General characteristics
- Displacement: 6,620 light tons
- Length: 404 ft 9 in (123.37 m)
- Beam: 48 ft 3 in (14.71 m)
- Draft: 20 ft 9 in (6.32 m)
- Speed: 15 knots (28 km/h; 17 mph)
- Armament: 10 × 6"/30 caliber guns; 6 × 6-pounder Hotchkiss guns;

= USS Prairie (AD-5) =

Tender of the United States Navy

USS Prairie (AD-5), formerly Morgan Liner SS El Sol, was built in 1890 by William Cramp & Sons, Philadelphia. She was purchased by the United States Navy on 6 April 1898 from the Southern Pacific Company, and commissioned two days later at New York, Commander Charles J. Train in command.

==History==
Prairie was converted into an auxiliary cruiser and assigned at first to the Northern Patrol Squadron and later to the North Atlantic Fleet. During the Spanish–American War, she served in Cuban waters July and August 1898. On 25 August she stranded in dense fog 3 miles east of the Amagansett, New York Life saving Station. The United States Life Saving Service ferried 216 troops to shore. She was pulled off the next day by the tug Brittania. She returned to Fore River, Massachusetts, on 28 August. She decommissioned on 15 March 1899 at Philadelphia.

Prairie was placed in reserve commission on 23 March 1899 and cruised with the naval militia off the Atlantic coast until she was decommissioned at New York on 18 February 1901. She carried government exhibits to France at the turn of the 20th century for the Paris Exposition. She was recommissioned at Boston on 9 November 1901 as a training ship, and remained with this mission until she was decommissioned at Boston on 14 June 1905.

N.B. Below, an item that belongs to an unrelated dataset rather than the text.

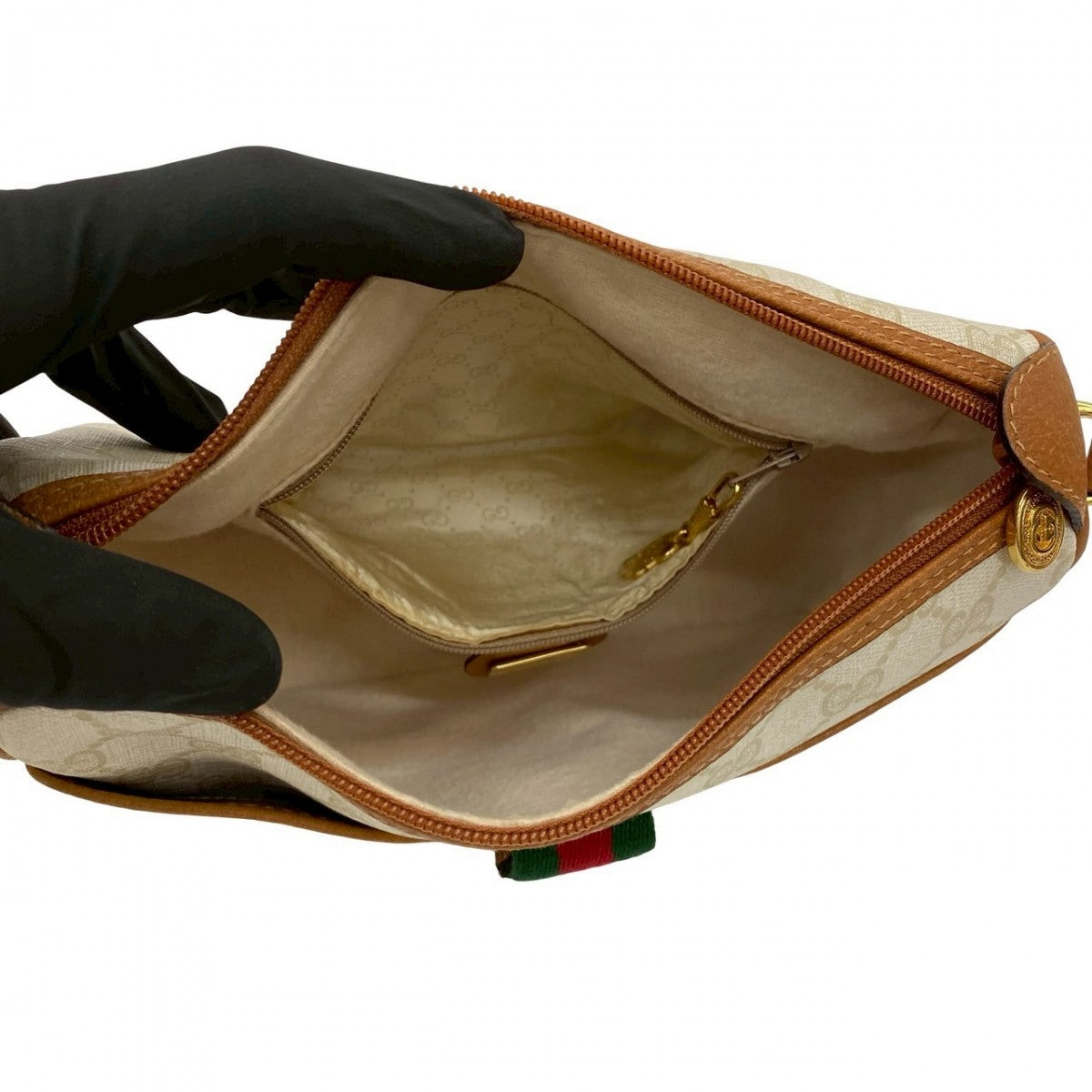 GUCCI Shoulder Bag Leather, PVC white GG logo Metal Sherry line Women Used Authentic
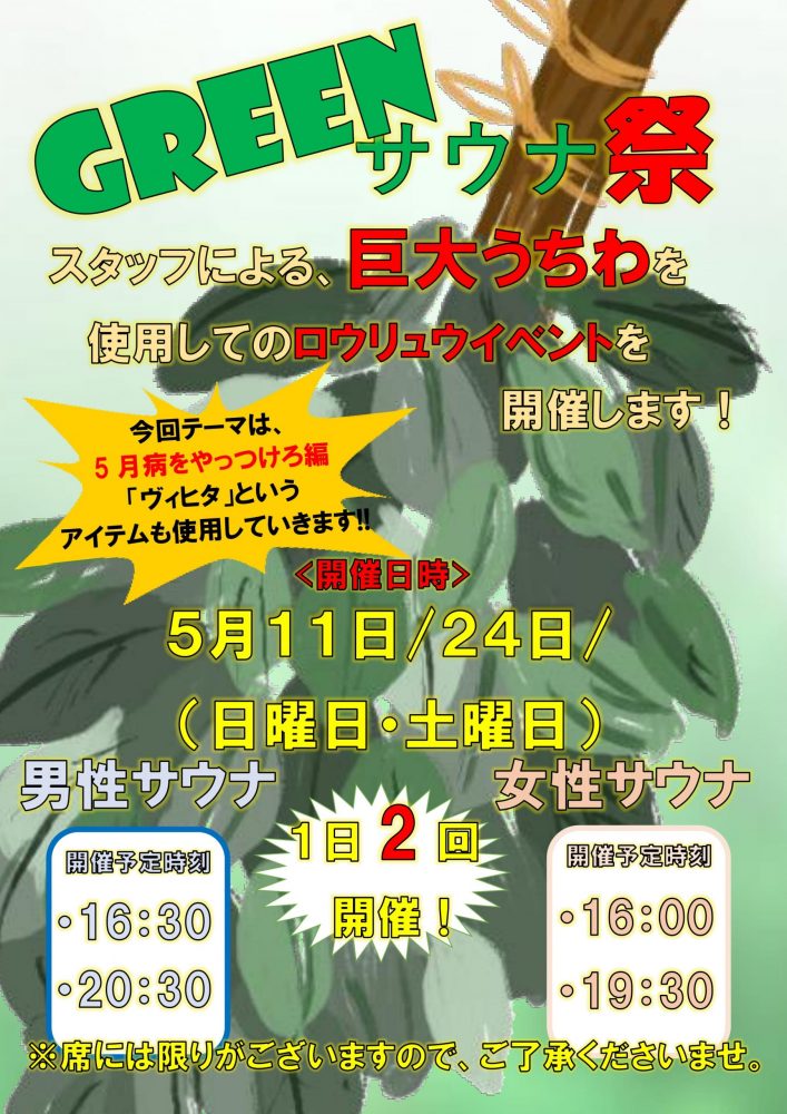 5月は、ヴィヒタを使用した「グリーンサウナ祭」として開催します。

She was recommissioned 26 September 1906 at Boston as a transport and was attached to the Atlantic Fleet. She protected American interests in Cuba, March to April 1907. Later, she resumed her training duties with the naval militia from May to September 1907, July to August 1908 and July to August 1909.

She transported 750 Marines to Santo Domingo in 1912 during the civil war there. She took part on the U.S. occupation of Veracruz in 1914, firing her 3-inch guns at the Naval Academy and other tactical targets, on 21 April 1914.

Converted to a destroyer tender in late 1917, Prairie served during World War I.

Prairie was decommissioned for the final time on 22 November 1922 at San Diego, California, and was struck from the Navy List. She was sold on 22 June 1923 to Louis Rothenberg, Oakland, California.